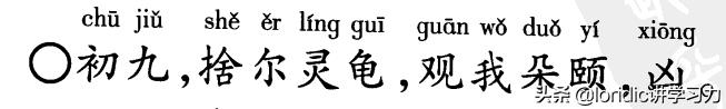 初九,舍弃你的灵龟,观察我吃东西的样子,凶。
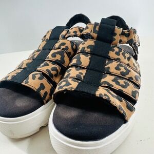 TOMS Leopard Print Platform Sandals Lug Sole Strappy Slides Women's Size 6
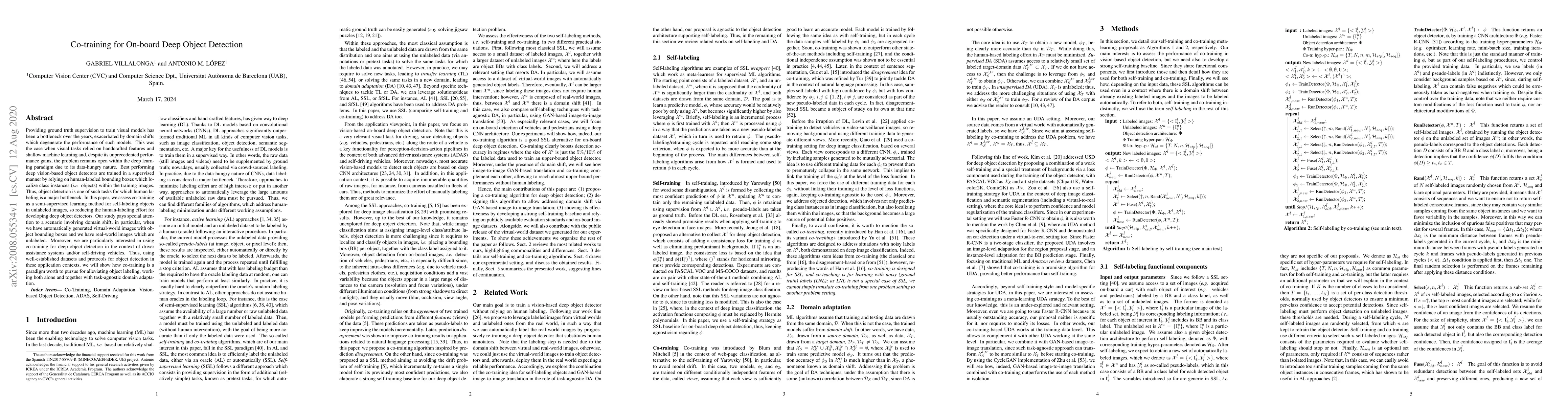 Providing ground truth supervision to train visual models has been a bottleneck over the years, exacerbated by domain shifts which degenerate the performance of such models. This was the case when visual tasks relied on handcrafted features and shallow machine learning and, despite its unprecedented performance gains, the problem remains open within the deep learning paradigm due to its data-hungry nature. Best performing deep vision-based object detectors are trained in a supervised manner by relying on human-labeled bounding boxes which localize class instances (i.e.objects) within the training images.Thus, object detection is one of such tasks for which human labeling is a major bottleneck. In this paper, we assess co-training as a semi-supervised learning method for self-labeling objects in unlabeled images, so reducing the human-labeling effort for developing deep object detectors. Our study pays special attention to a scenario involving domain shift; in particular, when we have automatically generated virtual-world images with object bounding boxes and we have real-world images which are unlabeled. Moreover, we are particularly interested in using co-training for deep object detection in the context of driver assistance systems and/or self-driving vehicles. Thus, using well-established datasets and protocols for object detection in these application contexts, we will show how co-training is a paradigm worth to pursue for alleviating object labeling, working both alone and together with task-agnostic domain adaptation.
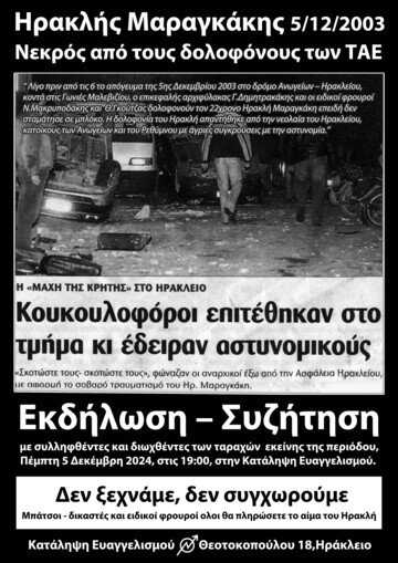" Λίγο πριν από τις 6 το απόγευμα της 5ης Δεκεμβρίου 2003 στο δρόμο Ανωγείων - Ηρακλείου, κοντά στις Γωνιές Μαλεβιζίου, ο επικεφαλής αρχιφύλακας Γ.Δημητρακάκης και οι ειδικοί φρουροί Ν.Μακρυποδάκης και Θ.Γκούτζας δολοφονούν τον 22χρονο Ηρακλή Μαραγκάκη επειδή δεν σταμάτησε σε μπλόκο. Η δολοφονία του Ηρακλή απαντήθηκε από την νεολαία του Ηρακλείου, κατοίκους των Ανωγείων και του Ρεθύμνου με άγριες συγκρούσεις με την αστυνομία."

──────────

#### YOUR INSTRUCTIONS:
The lines running from the beginning of the listing above through the line that holds "TOMS Leopard Print" are to be duplicated exactly, both ends kept, pictures omitted.

#### OUTPUT:
 初九,舍弃你的灵龟,观察我吃东西的样子,凶。
 TOMS Leopard Print Platform Sandals Lug Sole Strappy Slides Women's Size 6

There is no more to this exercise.